EXERCISE DETAILS:
Look below for the line containing "先生が「受付窓口」や「電話」" and the line containing "O momento foi", then set down both and every line between them exactly, without pictures.
Content starts
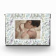 Elegante Bloque fotográfico de color verde de agua con el nombre de su bebé, año de nacimiento y un contorno del corazón en un elegante tipo de letra serif con un suave color gris. Tu foto de mamá y bebé está enmarcada con un delicado overlay blanco semi-transparente.
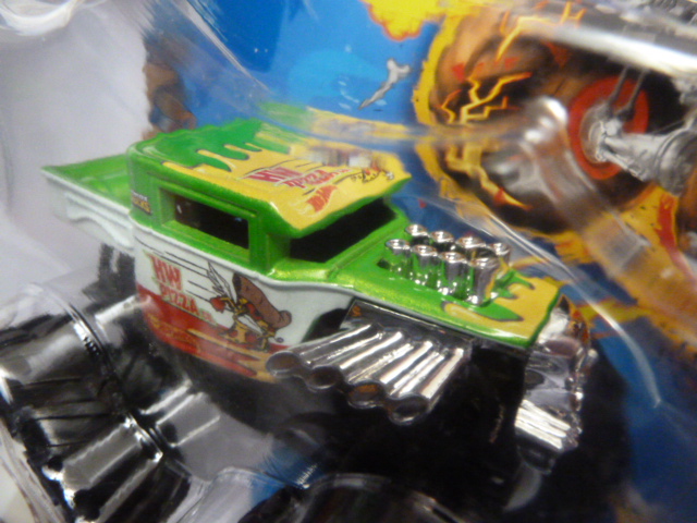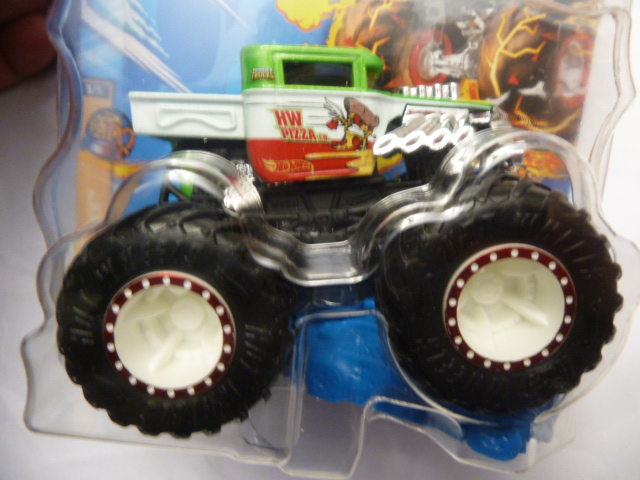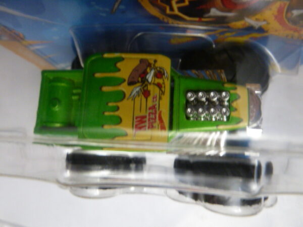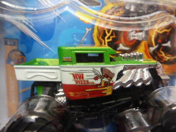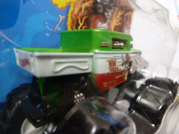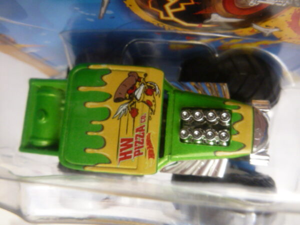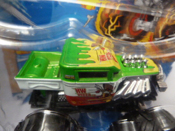/ Hotwheels – 2023 – Monster Trucks – Single – HW PIZZA co. – Snack Pack – 3/5 – Green and white
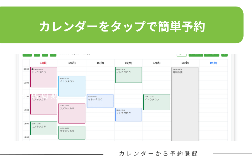 先生が「受付窓口」や「電話」で受けた予約を、その場で予約登録する方法です。からだケアでは、カレンダー画面で空いている時間帯をクリックするだけで簡単に予約登録ができます。
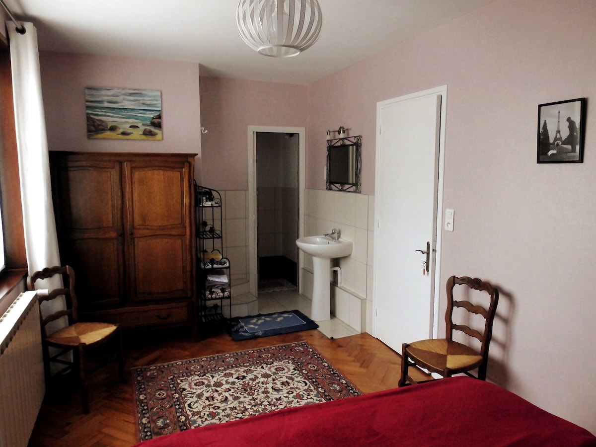 Une parenthèse de douceur, une envie de découvrir notre belle côte d'Opale. Nous vous accueillons, avec Susie notre bichon, au sein de notre maison. La chambre se trouve à l'étage, avec salle de bain et toilettes privées (ceci permet une totale autonomie et indépendance par rapport aux occupants de la maison), une télévision, un lit de 160x200, linge de qualité (Descamps) et un plateau de courtoisie. Petit déjeuner continental (Pain, brioche, gâteau, confiture, yaourt sont faits maison) inclus
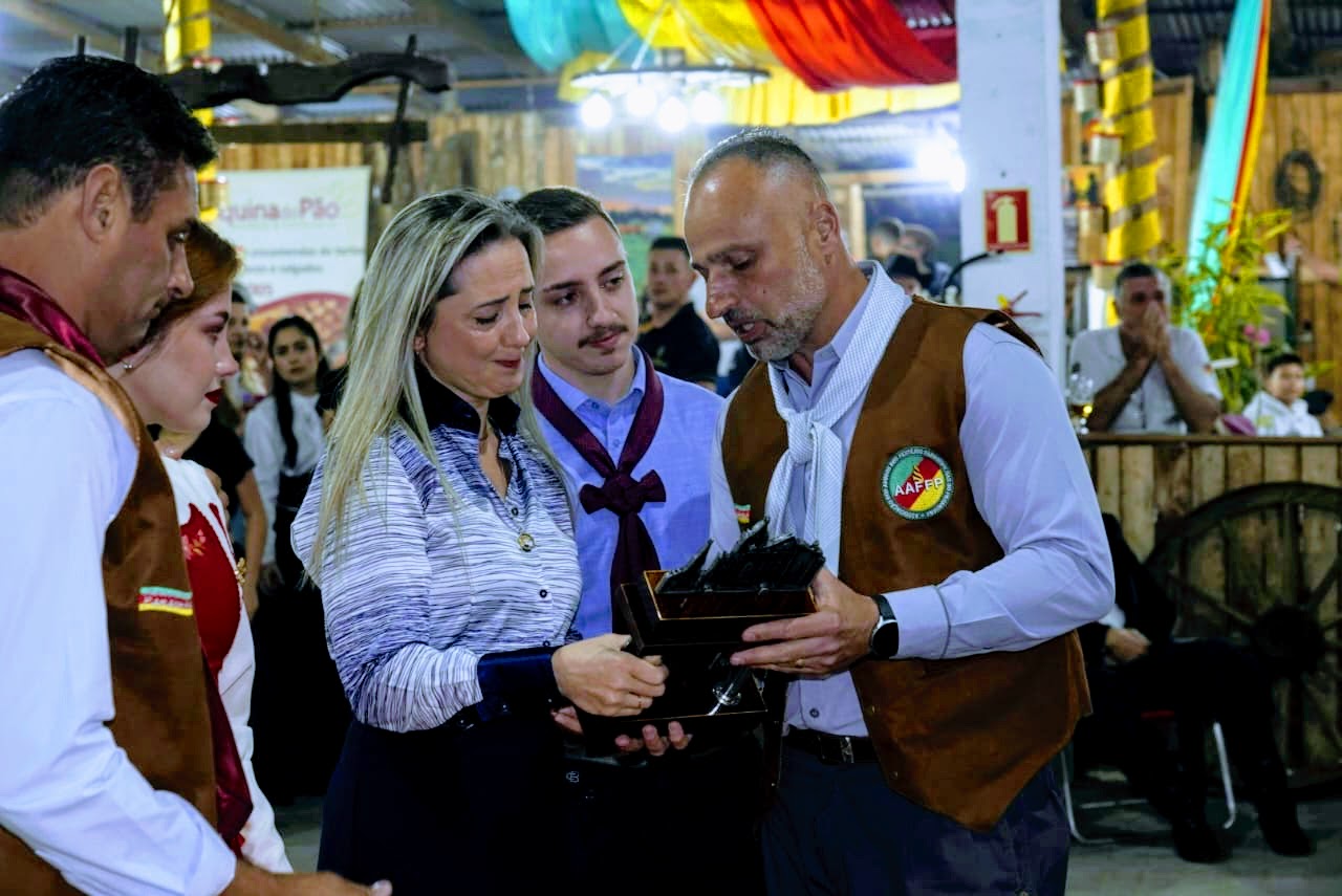O momento foi acompanhado pela família, esposa Edna e filhos Bruna e Junior, tocando o coração de todos os presentes. Logo em seguida, ocorreu o show de Elton Saldanha e o primeiro dia do evento foi encerrado com uma bailanta, animada pelo Grupo Pilcha Nova.
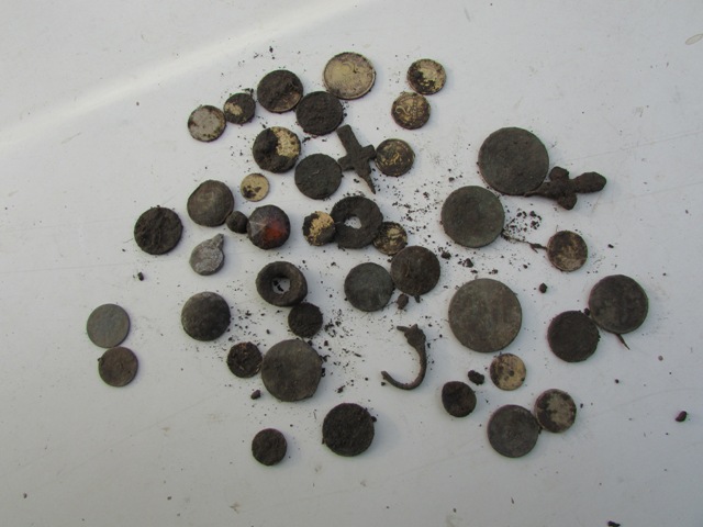 Решил для начала поискать лопату в реке которая ее поглотила на прошлом посещении и снова пошарить по верхам фундов,так как это приносило не плохой улов в прошлые разы.Речка спала и лопата была обнаруженна и спасена. Теперь их две и это радовало,но позже оказалось,что приехал я с дохлой штаткой. Бывает и кислый поиск. |
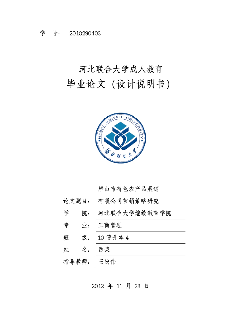 学号:2010290403河北联合大学成人教育毕业论文(设计说明书)唐山市特色农产品展销论文题目:有限公司营销策略研究学河北联合大学继续教育学院专业:工商管理班级:10管升本4姓名:岳荣指导教师:王宏伟2012年11月28日河北联合大学成人教育毕业论文(设计说明书)唐山市特色农产品展销有限公司营销策略研究学河北联合大学继续教育学院专业:工商管理班级:10管升本4姓名:岳荣指导教师:王宏伟2012年11月28日河北联合大学毕业论文课题申请表学院:继续教育学院2012年9月1日课题名称中油唐山公司非油品业务营销策略研究课题情教师姓名王宏伟职称讲师学位硕士课题来源自拟题目课题类别毕业论文毕业论文时间自2012年9月15日至12月22日主1、行业现状、竞争对手情况、企业内外部环境分析研2、唐山分公司非油管理现状究3、唐山分公司非油存在的问题内4、针对存在问题提出的解决方案容目利用科学的理论观点和系统分析的方法,研究企业非油营销管理中存在的问题,能和要够反映提出自己的见解和针对现有问题的解决办法。论文撰写符合河北联合大学毕业论文写作规范。特本文应理论联系实际,章节重点突出,具有清晰的实例分析,叙述通俗易懂,文字简练流畅。以营销管理为研究方向,具有一定理论和现实意义。成果形式研究论文成果价值具有一定的实践指导价值系主任或专家审题意见负责人签字:年月学院审批意见院长签字:年月日
Content ends
COMPLETED EXERCISE:
 先生が「受付窓口」や「電話」で受けた予約を、その場で予約登録する方法です。からだケアでは、カレンダー画面で空いている時間帯をクリックするだけで簡単に予約登録ができます。
 Une parenthèse de douceur, une envie de découvrir notre belle côte d'Opale. Nous vous accueillons, avec Susie notre bichon, au sein de notre maison. La chambre se trouve à l'étage, avec salle de bain et toilettes privées (ceci permet une totale autonomie et indépendance par rapport aux occupants de la maison), une télévision, un lit de 160x200, linge de qualité (Descamps) et un plateau de courtoisie. Petit déjeuner continental (Pain, brioche, gâteau, confiture, yaourt sont faits maison) inclus
O momento foi acompanhado pela família, esposa Edna e filhos Bruna e Junior, tocando o coração de todos os presentes. Logo em seguida, ocorreu o show de Elton Saldanha e o primeiro dia do evento foi encerrado com uma bailanta, animada pelo Grupo Pilcha Nova.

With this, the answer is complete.